Достижимо ли это? «Европа сталкивается с различными проблемами и прежде всего, бюрократическими, — говорит Огюстен Деконинк. — Между предложением проекта и получением разрешения на его реализацию может пройти порядка пятнадцати лет. Но пятнадцать лет назад мы были на заре эры смартфонов, и проблемы были другими». Далее — стоимость труда и энергии.

«Если в Европе появится соответствующая промышленность, Китай сможет искусственно снизить цены и увеличить производство, чтобы задушить европейскую инициативу». В-третьих, высокая чувствительность к экологическим вопросам. «Социальная оппозиция тотальна, — отмечает Эрик Пирар. — Все хотят технологического комфорта, но никто не хочет сосуществовать со своими секторами добычи, переработки или рециклинга».

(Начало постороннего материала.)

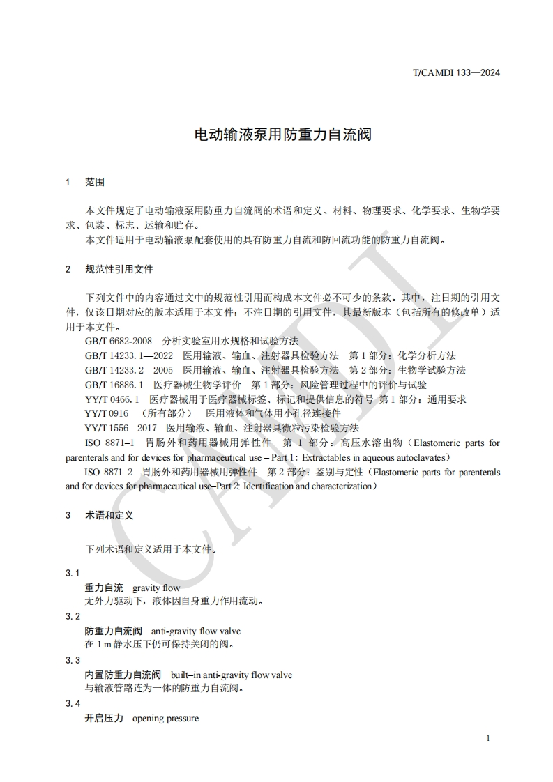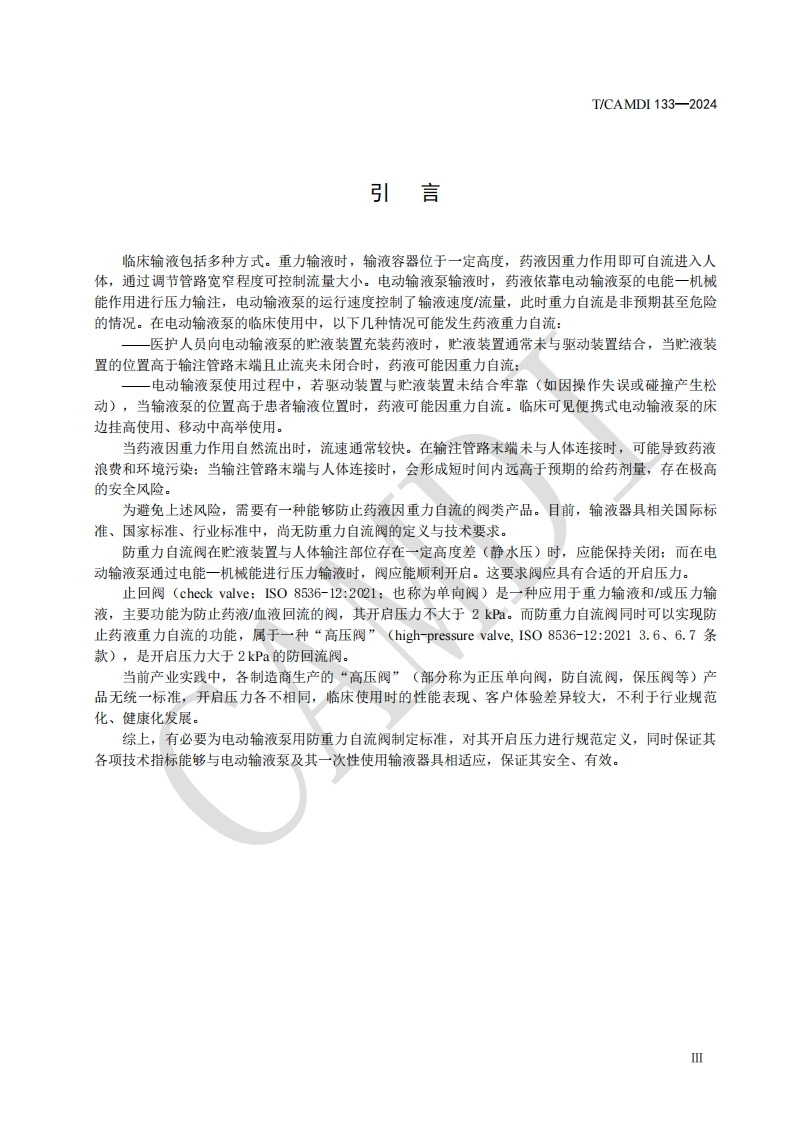 电动输液泵用防重力自流阀Anti-Gravity-FlowValvesforElectricalInfusionPump348072@abc昨天发布关注私信0.95MB19页043电动输液泵用防重力自流阀Anti-Gravity-FlowValvesforElectricalInfusionPump此内容为付费资源,请付费后查看¥19¥23黄金会员免费钻石会员免费立即购买您当前未登录!建议登陆后购买,可保存购买订单付费资源 第1页 / 共19页 第2页 / 共19页 第3页 / 共19页 第4页 / 共19页 第5页 / 共19页 试读已结束,还剩14页,您可下载完整版后进行离线阅读 THE END标准规范 文本预览 ICS11.040.20CCS C 31中国医疗器械行业协会China Association for Medical Devices Industry团体标准T/CAMDI133-2024电动输液泵用防重力自流阀Anti-Gravity-Flow Valves for Electrical Infusion Pump2024-12-31发布2025-1-3实施中国医疗器械行业协会发布 查看更多 收起部分 喜欢就支持一下吧收藏

«Горнодобыча всегда создаёт проблемы, — признаёт Огюстен Деконинк. — Но что мы предпочитаем, чтобы кобальт поступал из Конго, где не соблюдаются нормы защиты труда и окружающей среды? Или редкоземельные элементы из Китая, где сточные воды выбрасываются в природу, загрязняя сотни километров водоёмов? Не было бы менее катастрофичным, если бы это делалось и контролировалось в Европе?»

«И затем, — продолжает Эрик Пирар, — один металл не похож на другой. Наибольшая активность связана с золотом. Давайте пока остановим добычу золота, самого бесполезного металла, 95% запасов которого просто лежит в хранилищах, и ради которого мы добываем год за годом три миллиарда тонн породы. С другой стороны, без железа или меди мы не можем жить. Что касается площади разработок, то её можно уменьшить. Рудник будущего — это роботы, которых отправляют в узкие подземные галереи».

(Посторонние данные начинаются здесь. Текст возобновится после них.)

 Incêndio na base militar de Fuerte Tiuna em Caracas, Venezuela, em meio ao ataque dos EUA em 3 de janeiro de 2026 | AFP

Не принесёт ли развитие горнодобычи в Европе больше вреда, чем пользы? «Это вопрос выбора из двух зол, — считает Огюстен Деконинк. — Последствия того и другого различны. Рудник в Европе, безусловно, наносит значительный ущерб окружающей среде, но в наиболее выраженной форме это происходит только в локальном масштабе, с меньшим воздействием на экосистему планеты».

6. Развитие вторичной переработки

«Ещё один фактор играет против ископаемого топлива, — добавляет Патрик Ван ден Босше, стратегический советник по вопросам энергетического перехода в Agoria, федерации технологических отраслей. — Для металлов в отличие от ископаемого топлива существует возможность рециклинга. На данный момент рынок вторичной переработки находится в зачаточном состоянии, но при наличии инвестиций это возможный вариант действий для Бельгии».

К 2050 году, сообщает KU Leuven, от 45 до 65% европейского спроса на цветные металлы можно будет покрыть за счёт переработки. Для аккумуляторных металлов (литий, никель, кобальт) этот показатель составляет от 45 до 77%. Что касается РЗЭ, то объёмы их рециклинга значительно превысят (208%) потребности.

7. Прежде чем перерабатывать, давайте перестанем тратить!

В конце концов, Эрика Пирара беспокоит не столько доступность ресурсов, сколько их использование: «Когда я вижу мешанину из металлов в наноэлектронике, которая не поддаётся рециклингу, то понимаю, что необходимо думать о конструкции устройств». Со своей стороны, Аврора Стефан выступает за определённую «децифровизацию» общества: «Нам не нужен холодильник, который сообщает, сколько пива осталось. Мы не хотим спорить с нашей духовкой, просто дайте ей нагреться».

Что касается возможности вторичной переработки, то «наша продукция должна служить намного дольше, — настаивает Эрик Пирар. — Смартфон должен прожить пятьдесят лет. Однако все последние разработки идут в неправильном направлении. От ламп накаливания мы пришли к диодам, таким сложным, как напичканный электроникой смартфон. Да, светодиодная лампочка потребляет меньше энергии, но если учитывать весь её жизненный цикл, то выигрыш далеко не столь очевиден.

Всё это имело бы смысл, если бы изделия имели длительный ресурс и могли быть переработаны, но это происходит не часто. То же самое и с сантехническими трубами. От медных мы перешли к металлопластиковым. Безусловно, их легче монтировать, но на производство таких труб идёт значительно больше ресурсов, которые не могут быть вновь задействованы по истечению срока службы. А как насчёт аккумуляторов и солнечных батарей, утилизация которых сложна?»

«Мы добавляем сульфид селена в шампуни против перхоти! Кобальт — в красители. Мы должны значительно сократить использование металлов, где это возможно, – продолжает Аврора Стефан. — И определить на планете «запретные зоны», своего рода убежища, где горнодобыча будет запрещена навсегда».